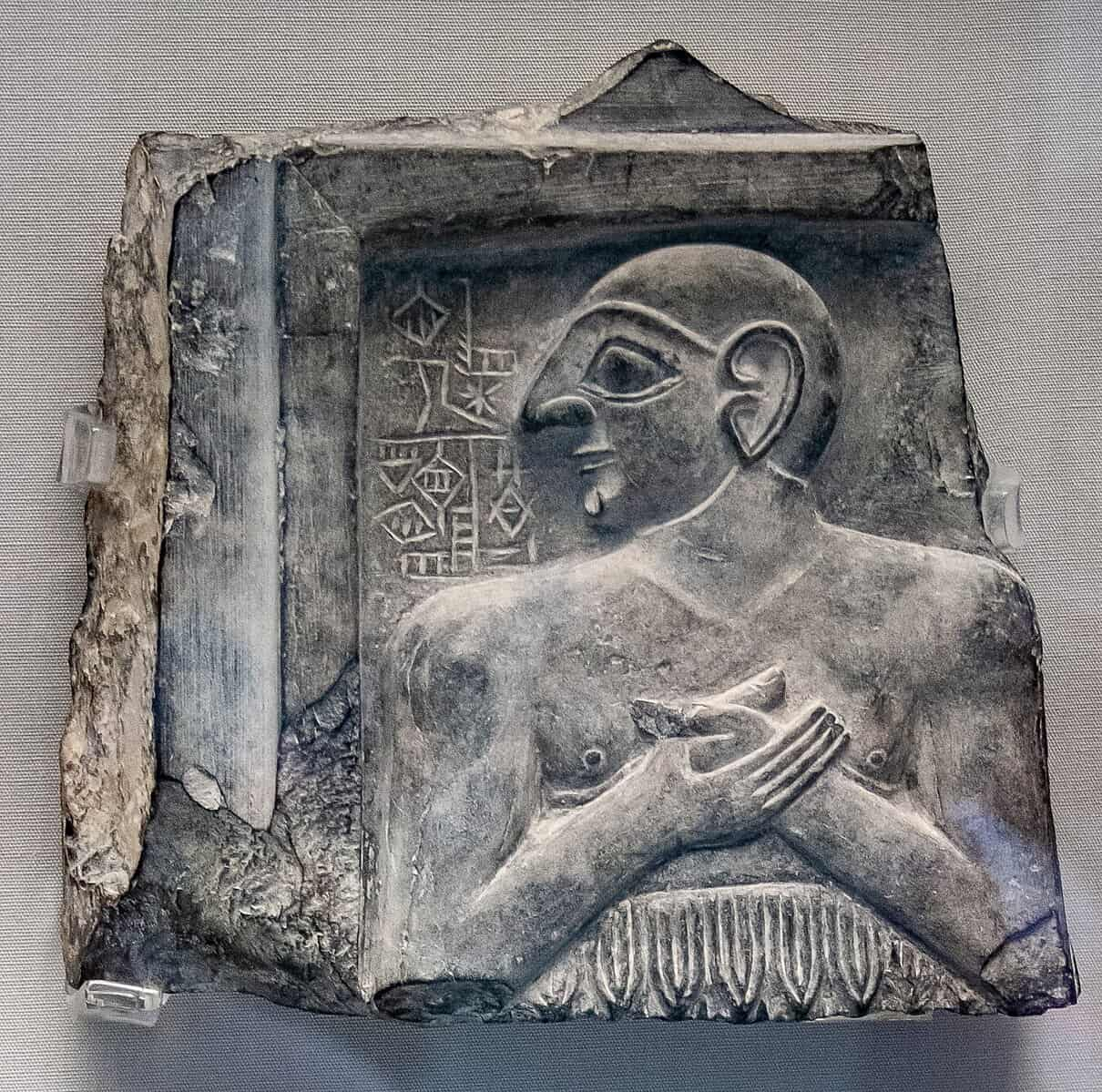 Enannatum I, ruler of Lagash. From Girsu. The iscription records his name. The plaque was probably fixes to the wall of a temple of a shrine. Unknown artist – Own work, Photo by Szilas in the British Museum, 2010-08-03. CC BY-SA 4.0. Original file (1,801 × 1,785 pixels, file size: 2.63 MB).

--

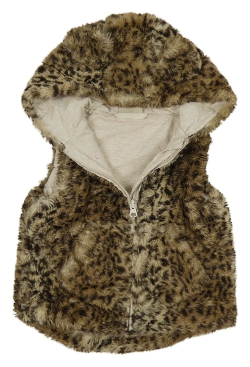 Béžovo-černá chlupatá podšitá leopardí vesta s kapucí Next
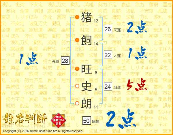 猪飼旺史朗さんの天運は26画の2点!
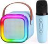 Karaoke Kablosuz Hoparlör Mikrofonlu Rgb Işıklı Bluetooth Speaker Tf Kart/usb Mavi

### Your instructions
Above are records; write out the lines from the one with "Béžovo-černá chlupatá podšitá" down to the one with "Karaoke Kablosuz Hoparlör", exactly, leaving the pictures out.

### Response to this task
 Béžovo-černá chlupatá podšitá leopardí vesta s kapucí Next
 猪飼旺史朗さんの天運は26画の2点!
 Karaoke Kablosuz Hoparlör Mikrofonlu Rgb Işıklı Bluetooth Speaker Tf Kart/usb Mavi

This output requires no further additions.